Die SAD organisiert in Palermo ein Auswahlverfahren zur Anstellung von Busfahrern. Der ASGB reagiert mit Unverständnis – und ein bisschen Schadenfreude.

Der Buskonzessionär SAD hat jüngst einen Aufruf an die Palermitaner getätigt, wonach vom 15. bis 17. April direkt in Palermo Auswahlverfahren zur Anstellung für Busfahrer stattfinden werden. Die SAD würde den Interessierten die benötigten Kurse für die Führerscheine D und CQC finanzieren und den Absolventen die Perspektive bieten, anschließend angestellt zu werden, berichtet Richard Goller, Transportgewerkschafter im ASGB.
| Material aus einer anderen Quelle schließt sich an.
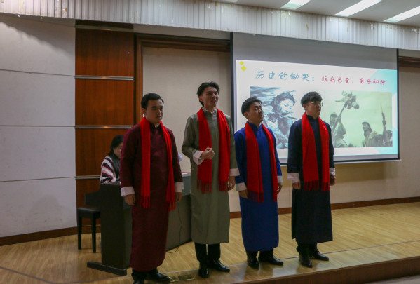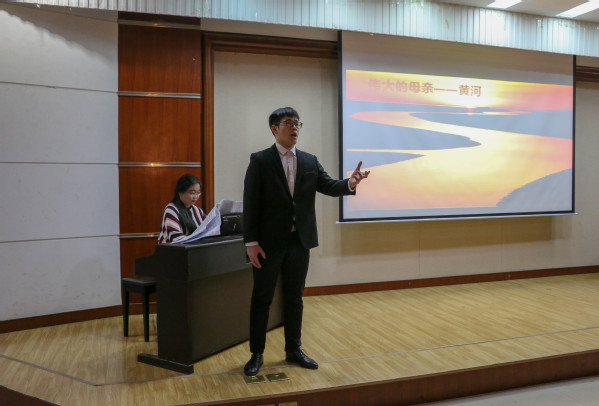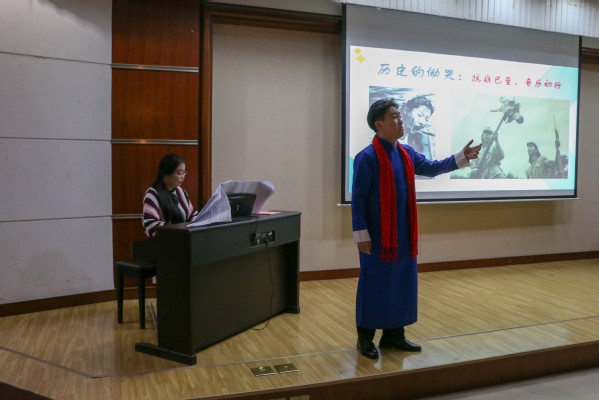“‘九一八’, ‘九一八’,从那个悲惨的时候,脱离了我的家乡,抛弃那无尽的宝藏,流浪!流浪!”一曲悲怆动人的《松花江上》牵动了观众的爱国心,富有深情的演唱让大家沉浸在那段历史中。11月26日,太阳成集团tyc7111cc“博雅大讲堂”第30期“音乐与历史的对话”活动在西环301室举办,活动由音乐系教师尹国峰主讲,马克思主义学院副教授解晓燕作为特邀嘉宾出席。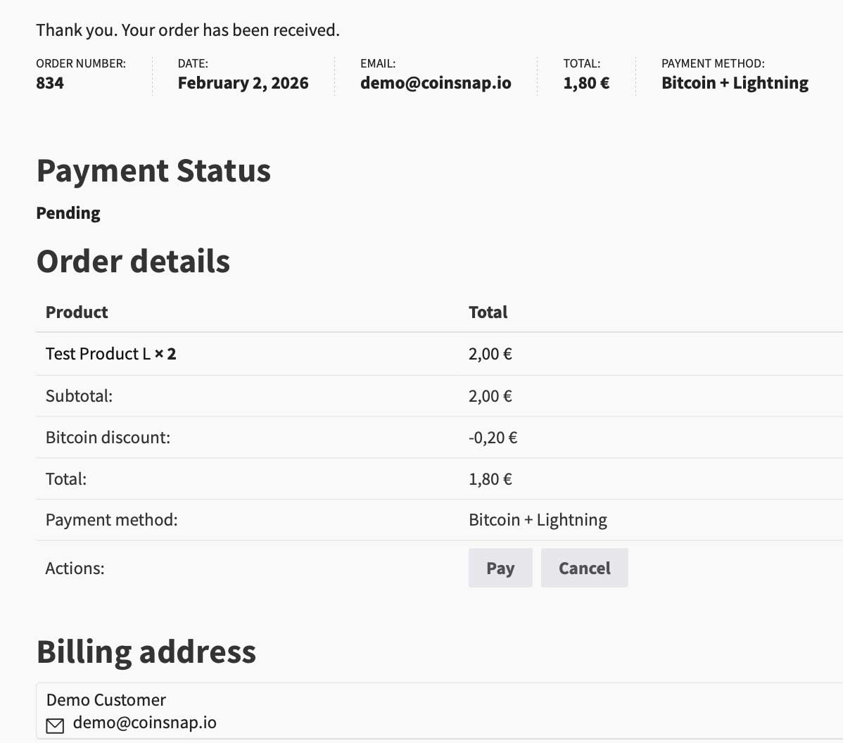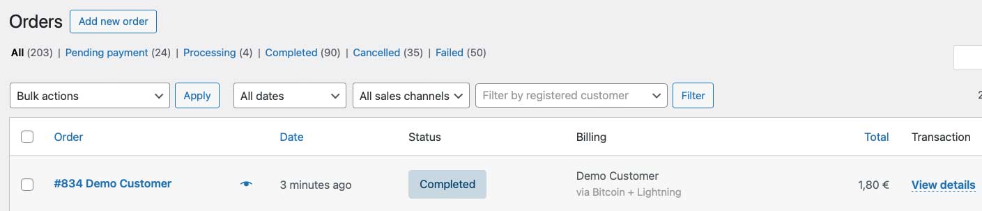 Since the Coinsnap plugin is fully integrated with WooCommerce, all customer and payment data is captured and available in your WooCommerce dashboard.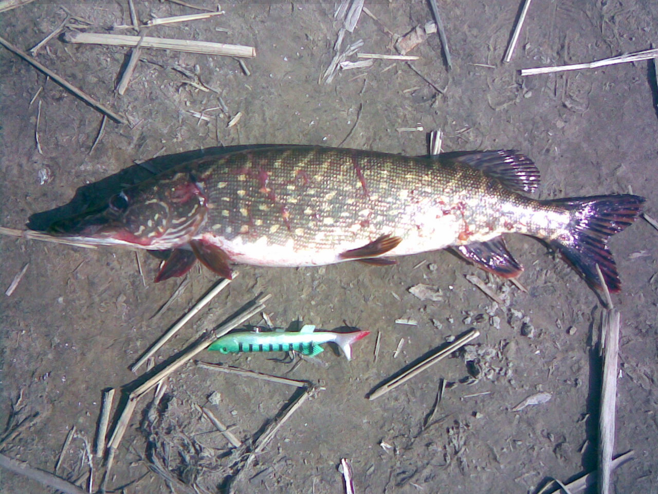сегодня в с.Радянское. плавни недалеко от Орлика. хорошенькая щучка взяла воблер. джексоновый карась окуневой расцветки. не взвешивал, но с виду как полторушка (до двух кг). по эхолоту видели много рыбы на разных глубинах. но поклевка была всего одна на двоих.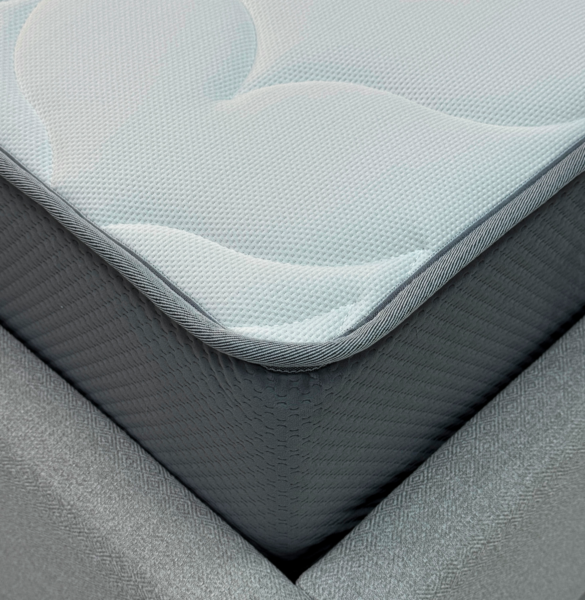 Короб ППУ - Элемент конструкции матраса, усиливающий жесткость пружинных моделей по краям, предотвращая проседание при регулярной нагрузке. Особенно важен при локальных нагрузках на борт матраса (посадка, подъем). Используются два вида пен: стандартная у изголовья и повышенной плотности в боковых зонах.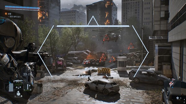 ‘신더시티’는 언리얼 엔진 5로 개발되어, 폐허가 된 도시의 질감과 빛의 흐름을 사실적으로 구현했다. 불길이 치솟는 고층 빌딩, 부서진 차량, 흩날리는 먼지 속 빛줄기까지. “서울이 멸망한다면 이런 모습일 것”이라는 상상이 현실감 있게 다가온다. 그래픽과 조명 연출의 조합은 단순한 기술 시연을 넘어, 일종의 ‘세계관 경험’으로 느껴진다.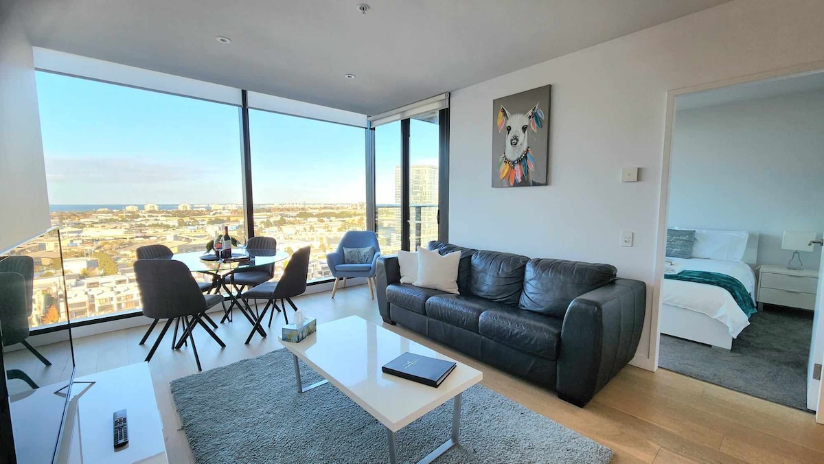 Naujas skelbimas! Patirkite aukštesnį gyvenimo lygį šiame prabangiame 2 miegamųjų mansarde aukštai virš Docklands. Mėgaukitės panoraminiu horizontu ir uosto vaizdais pro langus nuo grindų iki lubų ir erdvų balkoną. Abu miegamieji siūlo komfortą ir privatumą, taip pat specialią biuro erdvę, idealiai tinkančią darbui ar mokymuisi. Naudokitės kurorto stiliaus patogumais, įskaitant baseiną ir sporto salę. Nemokami tramvajai prie jūsų durų, kelios minutės iki CBD, Marvel stadiono ir vakarienės prie vandens. Vos už kelių žingsnių nuo Woolworths prekybos centro.

Goller hat kein Verständnis für diesen Schachzug: „Es ist landesweit bekannt, dass einheimische, zweisprachige Busfahrer der SAD scharenweise davonlaufen. Nun soll der Personalmangel durch weiteres ortsfremdes Personal gedeckt werden, anstatt darüber nachzudenken, welche Maßnahmen gesetzt werden könnten, um den Betrieb wieder attraktiv für die Arbeitnehmer zu gestalten.“

Die meisten Betriebe in der Größenordnung der SAD hätten bereits verstanden, dass gute Arbeitsbedingungen und eine leistungsgerechte Entlohnung die Produktivität signifikant erhöhen. „Dies würde auf den Nahverkehr übertragen zufriedene Fahrgäste, Pünktlichkeit, Sicherheit und letztlich auch einen Imageaufschwung bedeuten. Man könnte auch die Altlasten hinter sich lassen und sich mit dem Land auf eine unbelastete Zusammenarbeit einigen. Dies scheint aber nicht das Ziel der Betriebsführung der SAD zu sein, die auf dem besten Weg ist, dem Kapital alle ehemaligen Werte zu opfern“, meint Richard Goller.
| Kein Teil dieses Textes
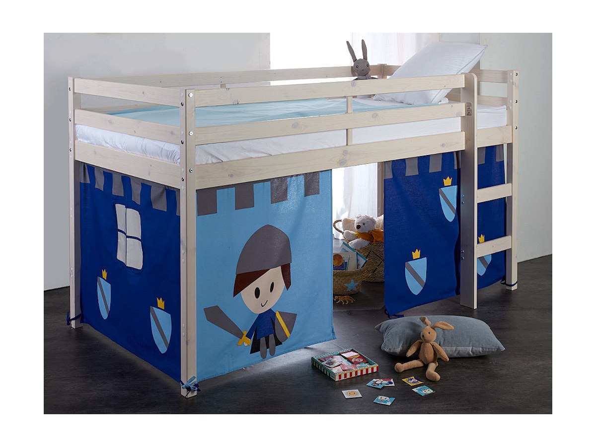 Halbhochbett LILIO - 90 x 190 cm - Kiefer massiv - Vorhänge Ritter blau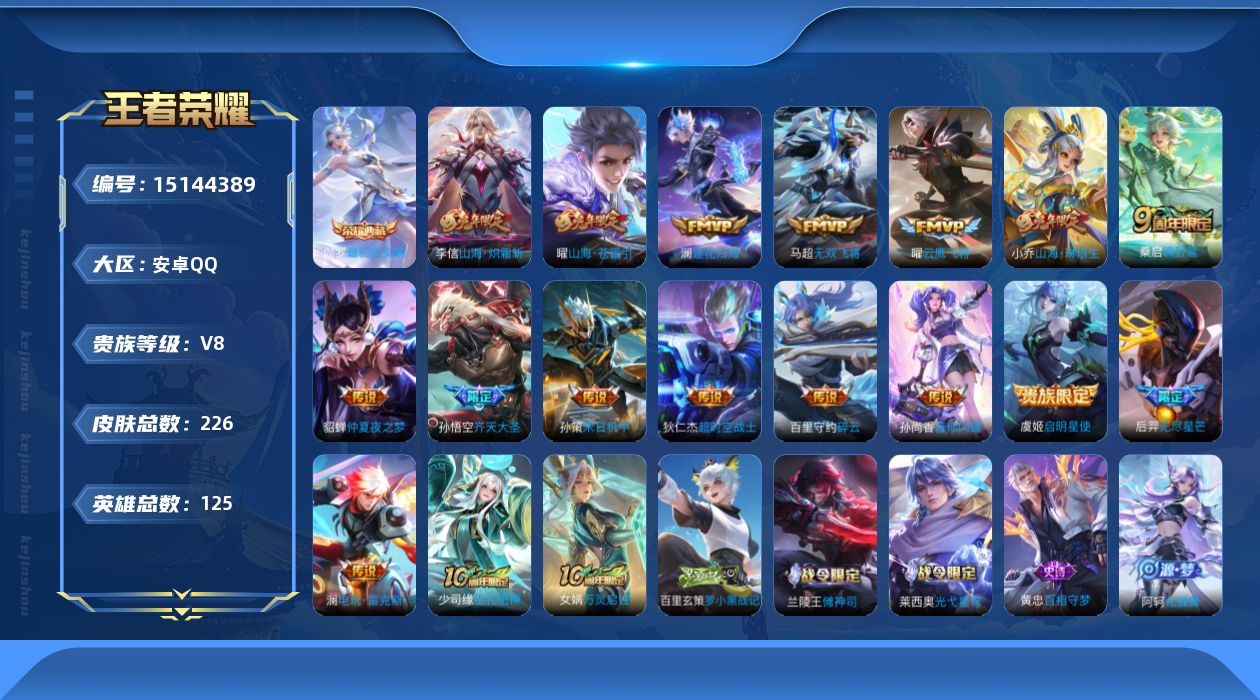 [15144389]安卓q-v8-最强王者段位-125英雄-226皮肤-1典藏皮肤-16传说-64史诗 【英雄全皮】:孙权全皮,空空儿全皮 【荣耀典藏】:伽罗最初的交响 【传说皮肤】:桑启鸣野蒿,澜逐花归海,澜电玩雷克斯,孙悟空齐天大圣,小乔山海琳琅生,曜山海苍雷引,李信山海炽霜斩,百里守约碎云,孙尚香音你闪耀,后羿无尽星芒,马超无双飞将,孙策末日机甲,虞姬启明星使,曜云鹰飞将,貂蝉仲夏夜之梦,狄仁杰超时空战士 【限定皮肤】:蒙犽顽岩魄,虞姬夏日便利店,姜子牙天穹之誓,狄仁杰阴阳师,小乔山海琳琅生,赵云皇家上将,高渐离玩趣恶龙,扁鹊奇幻香踪,马可波罗山海玄木吟,狄仁杰魔术师,达摩沙漠行僧,项羽海滩派对,王昭君午后时光,兰陵王金庭之子,孙悟空齐天大圣,后羿无尽星芒,李元芳云中旅人,虞姬启明星使,杨戬潮玩骑兵,鬼谷子五谷丰年,沈梦溪大漠名商,裴擒虎擒涛扼浪,狂铁电玩高手,瑶山海碧波行,云中君时之祈愿,李信山海炽霜斩,上官婉儿梁祝,嫦娥暖冬兔眠,曜山海苍雷引,西施玲珑珍味,鲁班大师探海日志,桑启海盐诗旅,暃星界游侠,戈娅驭风魔法,阿古朵江河有灵,张良古海寻踪,蒙犽百解令,蒙恬荣光圣徽,鬼谷子天穹祈灯,姬小满妄想食味,沈梦溪龙舞盛年,刘邦剑破天穹,上官婉儿群星魔术团,程咬金群星魔术团,周瑜熔金海岸 【年限皮肤】:瑶山海碧波行,马可波罗山海玄木吟,李信山海炽霜斩,小乔山海琳琅生,曜山海苍雷引 【赛季限定】:达摩沙漠行僧,兰陵王金庭之子,张良古海寻踪,李元芳云中旅人,沈梦溪大漠名商,裴擒虎擒涛扼浪,鲁班大师探海日志,桑启海盐诗旅,鬼谷子天穹祈灯,蒙恬荣光圣徽,刘邦剑破天穹,姜子牙天穹之誓 【战令限定】:虞姬夏日便利店,扁鹊奇幻香踪,王昭君午后时光,杨戬潮玩骑兵,狂铁电玩高手,嫦娥暖冬兔眠,西施玲珑珍味,暃星界游侠,戈娅驭风魔法 【史诗皮肤】:露娜紫霞仙子,赵云皇家上将,赵云未来纪元,貂蝉圣诞恋歌,甄姬冰雪圆舞曲,王昭君偶像歌手,狄仁杰魔术师,宫本武藏鬼剑武藏,孙尚香水果甜心,嬴政摇滚巨星,妲己魅力维加斯,妲己女仆咖啡,墨子金属风暴,李白千年之狐,张飞乱世虎臣,夏侯惇乘风破浪,小乔缤纷独角兽,兰陵王暗隐猎兽者,诸葛亮黄金分割率,亚瑟心灵战警,雅典娜冰冠公主,安琪拉心灵骇客,铠曙光守护者,蔡文姬舞动绿茵,李元芳逐浪之夏,白起星夜王子,阿轲节奏热浪,孙策猫狗日记,狄仁杰鹰眼统帅,上官婉儿梁祝,不知火舞

Ein bisschen Schadenfreude schwingt bei Goller aber auch mit, die er einerseits damit begründet, dass rein auf kurzfristige Einnahmen fixierte Konzerne vielfach langfristig draufgezahlt hätten und andererseits „die geringe Entlohnung der SAD und die hohen Lebenshaltungskosten in Südtirol wohl kaum recht attraktiv für Palermitaner sind – vor allem vor dem Hintergrund, dass die Kaufkraft mit dem Bürgereinkommen in Sizilien wahrscheinlich höher ist als jene als Buschauffeur in Südtirol.“

Foto(s): © 123RF.com und/oder/mit © Archiv Die Neue Südtiroler Tageszeitung GmbH (sofern kein Hinweis vorhanden)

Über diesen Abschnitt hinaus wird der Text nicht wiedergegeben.